This position will provide leadership in design, oversight, analysis and reporting of clinical pharmacology programs to support small and large molecule drug development from concept stages through registration and post-marketing.
This position has varying responsibilities relating to clinical pharmacology, pharmacokinetics and pharmacodynamics which include but are not limited to:
- Establishing the strategic direction for the clinical pharmacology component of drug development programs consistent with company and R&D program goals
- Planning preparing and reviewing drug development plans and regulatory filings. This includes determining scope, design, planning and analysis of phase 1-4 pharmacokinetic and pharmacodynamic studies, investigations, models and simulations required from a development and regulatory perspective to take a project from its existing or concept stage to commercialization. Responsibilities include describing results of these studies in various regulatory documents (IND’s NDA’s, IB’s, etc.)

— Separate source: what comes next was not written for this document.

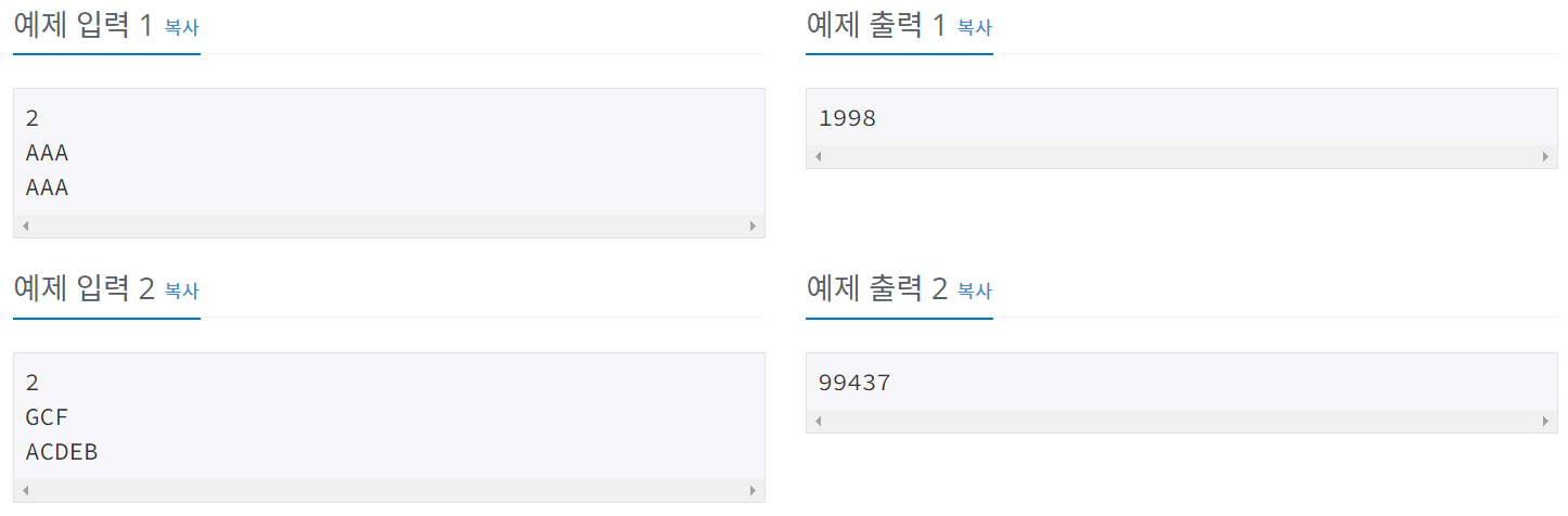 첫째 줄에 단어의 개수 N(1 ≤ N ≤ 10)이 주어진다. 둘째 줄부터 N개의 줄에 단어가 한 줄에 하나씩 주어진다. 단어는 알파벳 대문자로만 이루어져있다. 모든 단어에 포함되어 있는 알파벳은 최대
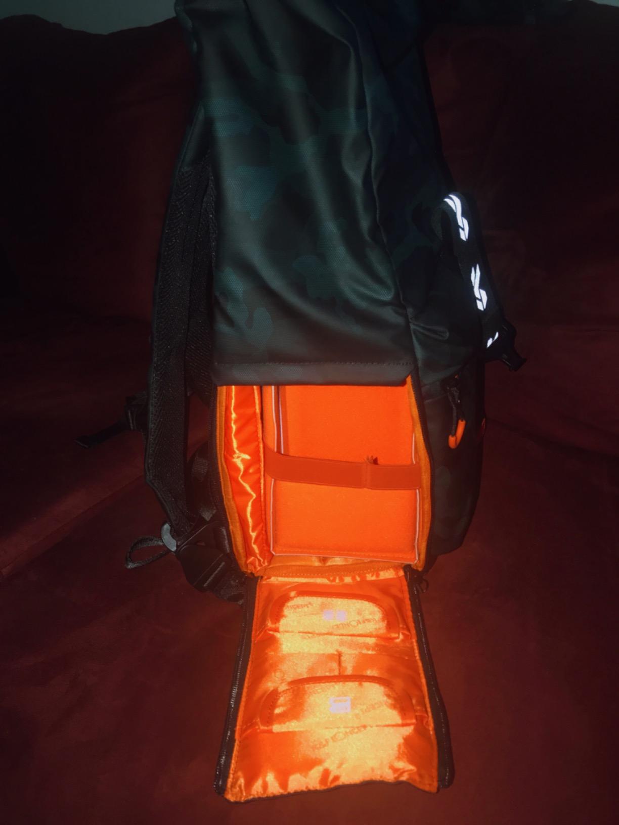 هذه حقيبة ظهر شديدة التحمل حقًا! بنية سميكة وقوية! أحزمة مريحة، وأزرار كبس ومشابك قوية! أحب الحلقة التي تتيح لك ربطها بحقيبتك ذات العجلات! اللون البرتقالي اللامع بالداخل هو صفقة كبيرة تساعدك في العثور على العناصر، التي تكون عادةً سوداء اللون. لقد اشتريت هذه الحقيبة تحسبًا لجلسة تصوير صيد السمك لطالب في المدرسة الثانوية يحب الحياة في الهواء الطلق. كنت أستخدمها لنقل معداتي حول حلبات الهوكي في الطقس السيئ بشكل متكرر. المعدات الموجودة داخل الحقيبة - son a6000، العدسات، البطاريات الإضافية والشاحن، الشاشات المحمولة وما إلى ذلك - محمية جيدًا. حتى مع الإدخال، توجد مساحة للعناصر الأخرى - المحفظة، والمفاتيح، ومشروع الحياكة الصغير، وما إلى ذلك. أكبر ميزة هي التخزين الخارجي - فتحة لزجاجة المياه وطريقة لربط حامل ثلاثي القوائم بالحقيبة موضع تقدير كبير.

- Protocol design, study planning, review, data analysis / interpretation, and reporting of individual studies implemented to support clinical pharmacology components of project plans
- Identifying and managing consultants and vendors supporting clinical pharmacology
- Participation on cross functional teams as early development sciences expert to insure proper integration of these activities into overall project plans
- Represent Jazz in interactions with regulatory agencies and respond to regulatory inquires related to pk, pd and clinical pharmacology
- Participate in the evaluation of potential in-licensing candidates. Serve as early development sciences expert representative on teams evaluating candidates for in-licensing or risk sharing opportunities
Required Knowledge, Skills, and Abilities
- Ability to work effectively independently and in multi-disciplinary teams, with peers, and with senior management to move projects forward
- Experience interacting with regulatory agencies including being directly involved in the review process
- Must have been directly involved with successful major regulatory filings
- Must have hands on experience preparing regulatory documents from IND through NDA
- Proven ability to manage CRO's and consultants
- Excellent written and oral communication skills
- Ability to think critically and solve problems
- Ability to navigate and be successful in a fast-paced, highly-matrixed work environment
- Embody and model Jazz core values
Required/Preferred Education and Licenses
- This position requires an MD or Ph.D. in pharmacokinetics, clinical pharmacology, or a related science and 12 or more years of related experience in the pharmaceutical or biotechnology industry, to include a broad and proven understanding of drug development.
Description of Physical Demands
- Routine mobility within office environment.
- Routine sitting for extended periods of time.
- Operating a computer, printer, telephone and other similar office machinery.
Description of Work Environment
- Work indoors in normal office environment with little exposure to excessive noise, dust, fumes, vibrations and temperature changes.
- Routine computer use at workstation.
- May move from one work location to another occasionally.
- Responsibilities may require a work schedule that may include working outside of “normal” work hours, in order to meet business demands.
- Occasional public contact requiring appropriate business apparel.